The Packet Forwarding Engine fabric contains the capability to detect grant delays. If grants are not received within a certain period of time, a destination timeout is declared. Destination timeout on a certain plane by a Packet Forwarding Engine on two or more line cards is considered as an indication for plane failures. Even if one Packet Forwarding Engine on a line card flashes an error, the line card is considered to be in error. Destination timeouts are noticed when the Packet Forwarding Engine sends traffic actively because requests are sent only for valid data cells. The software takes an appropriate action based on the destination timeout. For self-ping, a data cell is destined to the source Packet Forwarding Engine only.

Fabric ping failure messages are sent to the fabric manager on the Routing Engine, which collates all of the errors reported by all the line cards and takes a corrective action. For example, a ping failure for all links of the same line card might indicate a problem on the line card.

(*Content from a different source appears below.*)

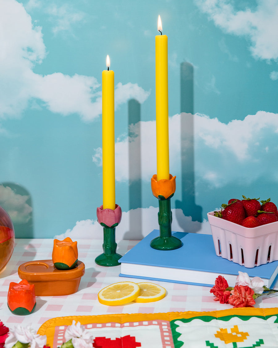 red and orange tulip salt and pepper shakers with brown pot tray on a table with candle holders, and strawberries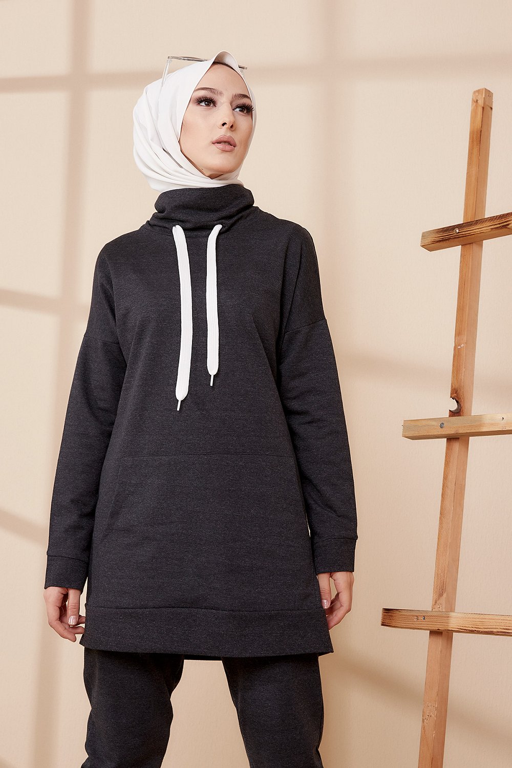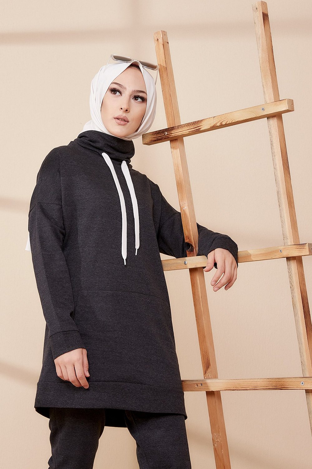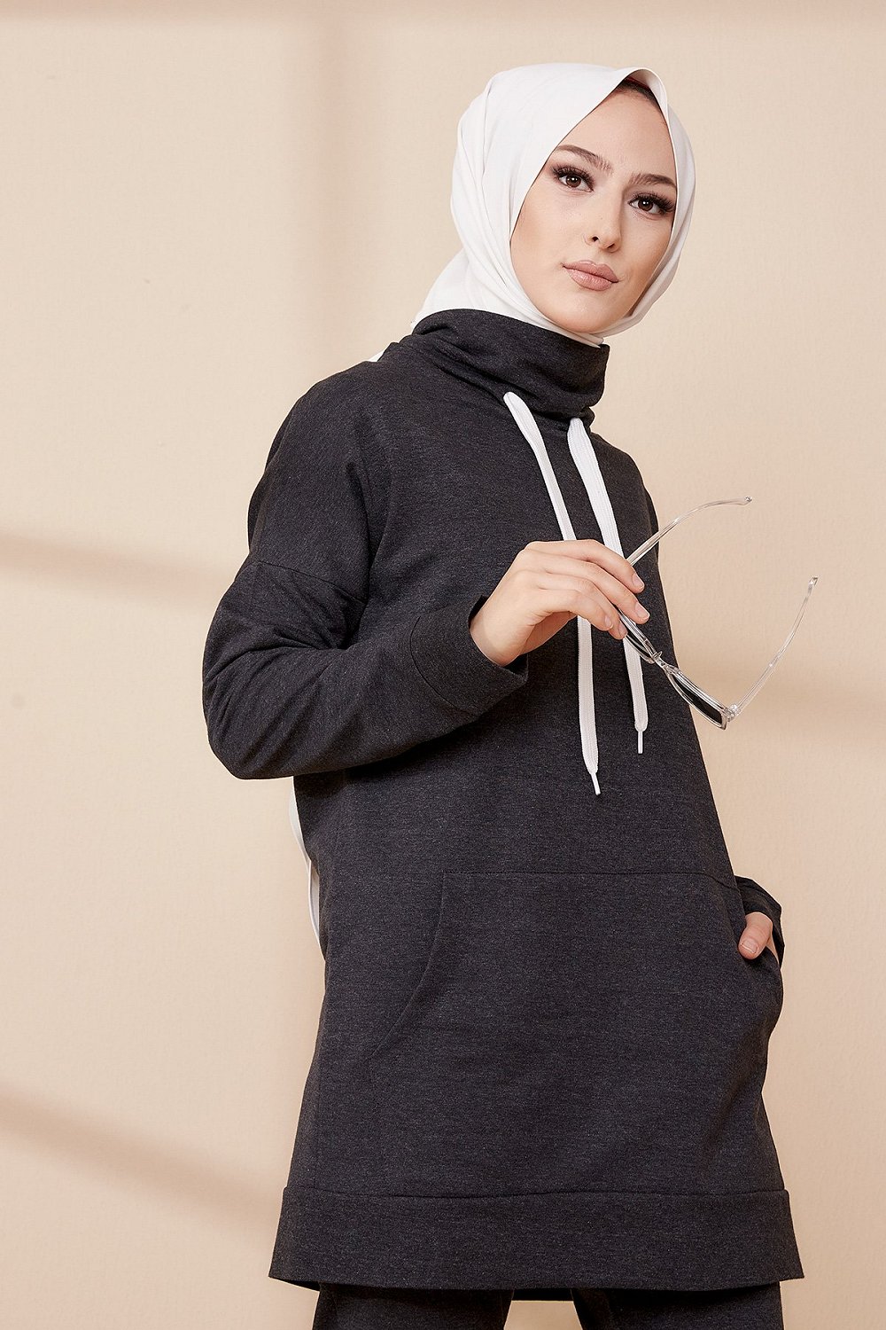 Sweatshirt long avec capuche style moderne décontracté et sport (Vêtement femme musulmane) - Couleur gris foncé - REF. 35365 (19.90 €)

Ping failure for multiple line cards for the same fabric plane might indicate a problem with the fabric.

If the Routing Engine determines that a fabric plane is down, based on the information on errors it receives from the line cards or the Packet Forwarding Engines, over a period of 5 seconds, it indicates a fabric failure. The duration of 5 seconds is the period for which the Routing Engine collates the errors from all of the line cards.

Fabric self-ping packets are periodically sent to check the sanity of the fabric links. Self pings are sent at interval of 500 ms. The destination timeout is also checked in intervals of 500 ms. If two timeouts ocur successively, self ping failure is detected. When a destination timeout is received, the Packet Forwarding Engine fabric stops the sending of packets to the fabric. To examine the link condition again, the software resets the credits to ensure that new requests are sent again. When a self-ping failure occurs, the line card removes the affected plane from sending data to all destinations. This method ensures that self-ping is not attempted to be sent again on the defective plane.

The following guidelines apply to the self-ping capability:

By default, self pings are not sent on spare fabric planes because spare planes do not carry traffic.
The size of self-ping packets is large enough to enable the cells to be loaded over all the active fabric planes (MX2020 supports 24 fabric planes and MX10008 supports 12 fabric planes).
A detection of received self-ping packets is not performed.
High priority queue is used to enable self-ping to be sent for oversubscription cases.